● **DATA SEGMENT**
+ + +

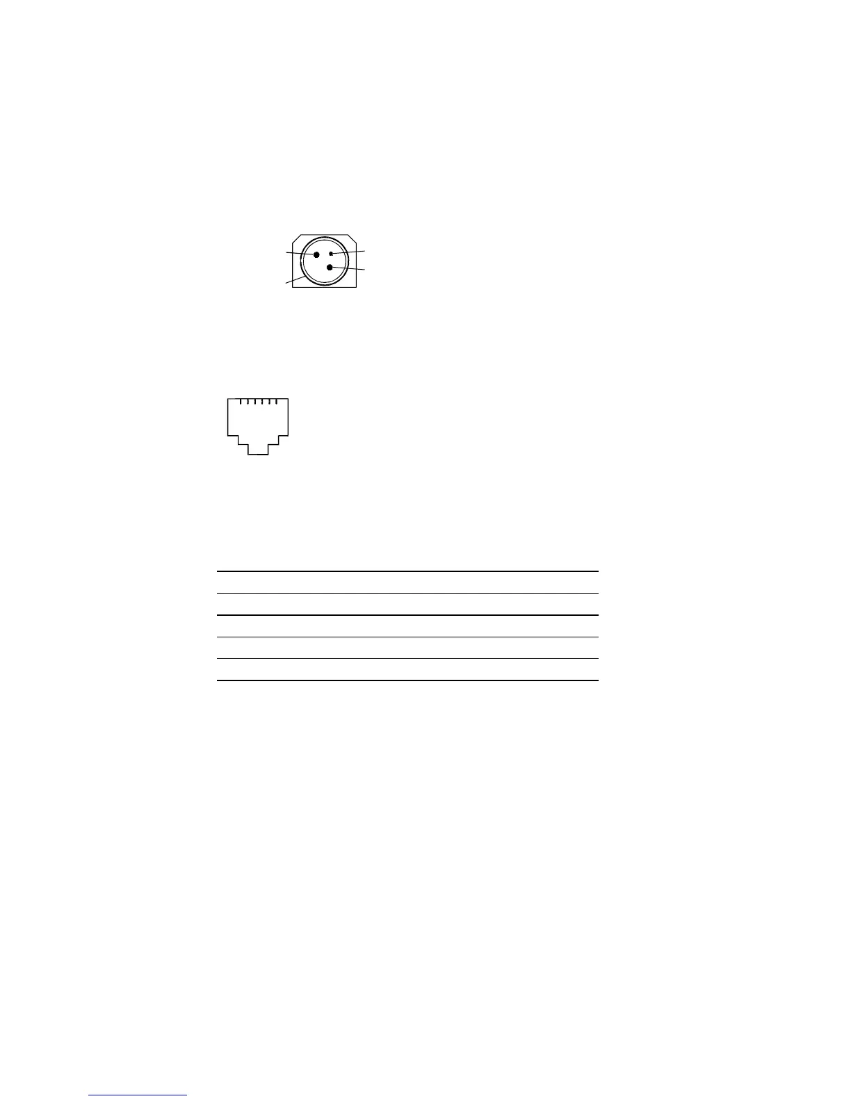 the power cable connector and pin assignments. The power cable connector is a 3-pin
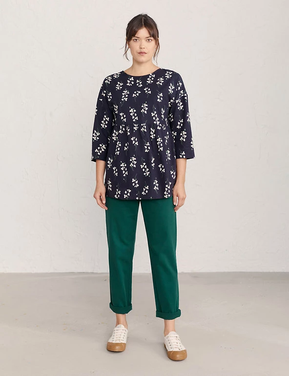 Made from breathable pure cotton, this Seasalt Cornwall long sleeve top will see you through any season. It’s cut in a regular fit, with gathering detail at the waist that creates a draped silhouette. The top is framed by a casual round neckline and flattering long sleeves.
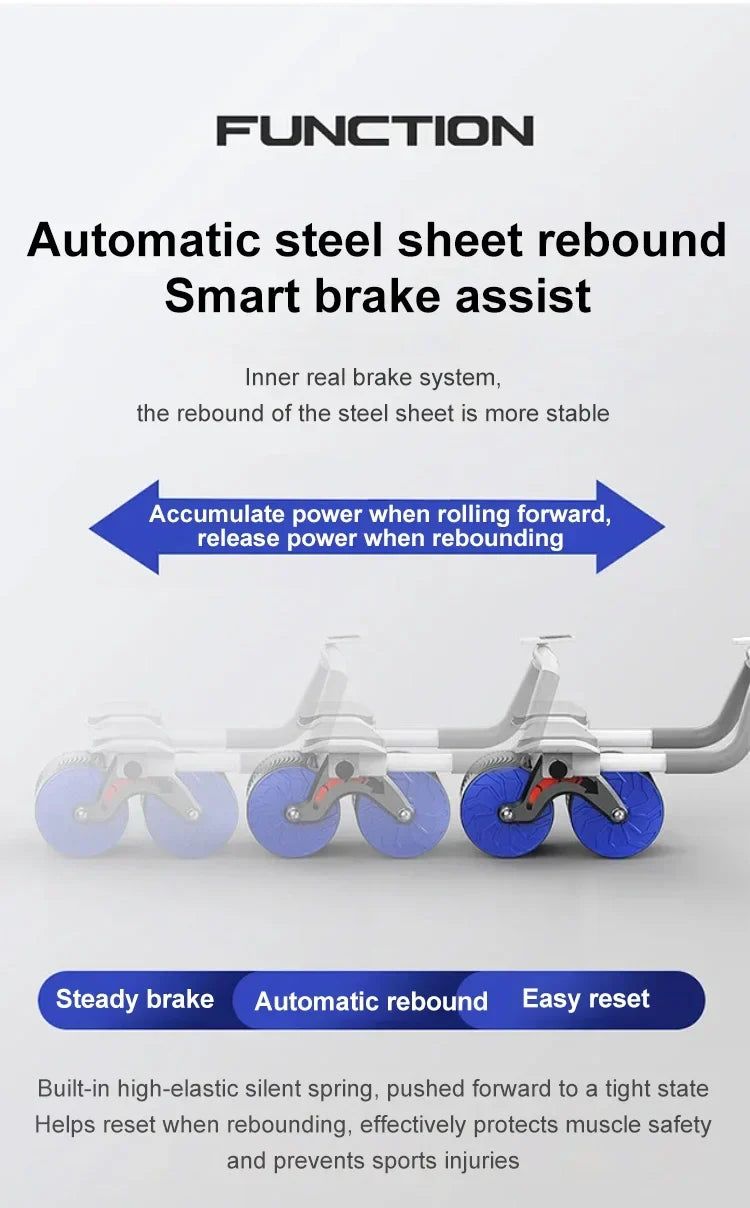 Our ab roller features intelligent auxiliary brakes and a built-in brake system for smoother, more controlled steel rebound.
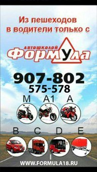 Автошкола "ФОРМУЛА" на рынке уже более 12 лет. Профессиональное обучение на все категории ТС "М", "А1", "А", "В", "ВС", "СЕ", "ВЕ", с "В" на "С", с "С" на "Д", с "В" на "Д" .

+ + +

● **ACTIVITY**
Write out exactly the lines from the line that contains "Made from breathable" through the end of the material, including both ends. No pictures belong in the copy.

● **OUTPUT**
 Made from breathable pure cotton, this Seasalt Cornwall long sleeve top will see you through any season. It’s cut in a regular fit, with gathering detail at the waist that creates a draped silhouette. The top is framed by a casual round neckline and flattering long sleeves.
 Our ab roller features intelligent auxiliary brakes and a built-in brake system for smoother, more controlled steel rebound.
 Автошкола "ФОРМУЛА" на рынке уже более 12 лет. Профессиональное обучение на все категории ТС "М", "А1", "А", "В", "ВС", "СЕ", "ВЕ", с "В" на "С", с "С" на "Д", с "В" на "Д" .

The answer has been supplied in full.